**Work order**
All of the data that follows should be retyped exactly as it appears.

**Raw data**
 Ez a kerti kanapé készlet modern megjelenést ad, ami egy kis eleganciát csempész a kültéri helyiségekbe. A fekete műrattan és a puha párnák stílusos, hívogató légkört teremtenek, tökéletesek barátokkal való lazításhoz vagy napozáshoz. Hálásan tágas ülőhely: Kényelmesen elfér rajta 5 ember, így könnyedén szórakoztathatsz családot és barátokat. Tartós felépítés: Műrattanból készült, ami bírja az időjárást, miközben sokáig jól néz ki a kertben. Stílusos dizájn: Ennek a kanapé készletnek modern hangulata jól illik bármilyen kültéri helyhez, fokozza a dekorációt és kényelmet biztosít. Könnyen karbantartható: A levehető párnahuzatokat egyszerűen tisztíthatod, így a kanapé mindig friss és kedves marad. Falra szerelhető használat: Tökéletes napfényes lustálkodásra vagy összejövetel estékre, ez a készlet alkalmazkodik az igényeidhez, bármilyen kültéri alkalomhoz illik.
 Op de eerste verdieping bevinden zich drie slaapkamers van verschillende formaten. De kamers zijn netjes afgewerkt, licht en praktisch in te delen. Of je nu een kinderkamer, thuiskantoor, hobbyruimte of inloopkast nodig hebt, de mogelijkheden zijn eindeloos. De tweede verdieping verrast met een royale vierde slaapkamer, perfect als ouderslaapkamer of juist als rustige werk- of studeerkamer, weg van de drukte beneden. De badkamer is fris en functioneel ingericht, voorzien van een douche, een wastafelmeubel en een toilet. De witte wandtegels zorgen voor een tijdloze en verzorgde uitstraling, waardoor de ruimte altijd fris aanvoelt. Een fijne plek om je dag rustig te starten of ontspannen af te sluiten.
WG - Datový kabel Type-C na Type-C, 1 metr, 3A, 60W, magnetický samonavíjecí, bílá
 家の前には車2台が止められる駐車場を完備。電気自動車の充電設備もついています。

**Answer for the task**
 Ez a kerti kanapé készlet modern megjelenést ad, ami egy kis eleganciát csempész a kültéri helyiségekbe. A fekete műrattan és a puha párnák stílusos, hívogató légkört teremtenek, tökéletesek barátokkal való lazításhoz vagy napozáshoz. Hálásan tágas ülőhely: Kényelmesen elfér rajta 5 ember, így könnyedén szórakoztathatsz családot és barátokat. Tartós felépítés: Műrattanból készült, ami bírja az időjárást, miközben sokáig jól néz ki a kertben. Stílusos dizájn: Ennek a kanapé készletnek modern hangulata jól illik bármilyen kültéri helyhez, fokozza a dekorációt és kényelmet biztosít. Könnyen karbantartható: A levehető párnahuzatokat egyszerűen tisztíthatod, így a kanapé mindig friss és kedves marad. Falra szerelhető használat: Tökéletes napfényes lustálkodásra vagy összejövetel estékre, ez a készlet alkalmazkodik az igényeidhez, bármilyen kültéri alkalomhoz illik.
 Op de eerste verdieping bevinden zich drie slaapkamers van verschillende formaten. De kamers zijn netjes afgewerkt, licht en praktisch in te delen. Of je nu een kinderkamer, thuiskantoor, hobbyruimte of inloopkast nodig hebt, de mogelijkheden zijn eindeloos. De tweede verdieping verrast met een royale vierde slaapkamer, perfect als ouderslaapkamer of juist als rustige werk- of studeerkamer, weg van de drukte beneden. De badkamer is fris en functioneel ingericht, voorzien van een douche, een wastafelmeubel en een toilet. De witte wandtegels zorgen voor een tijdloze en verzorgde uitstraling, waardoor de ruimte altijd fris aanvoelt. Een fijne plek om je dag rustig te starten of ontspannen af te sluiten.
WG - Datový kabel Type-C na Type-C, 1 metr, 3A, 60W, magnetický samonavíjecí, bílá
 家の前には車2台が止められる駐車場を完備。電気自動車の充電設備もついています。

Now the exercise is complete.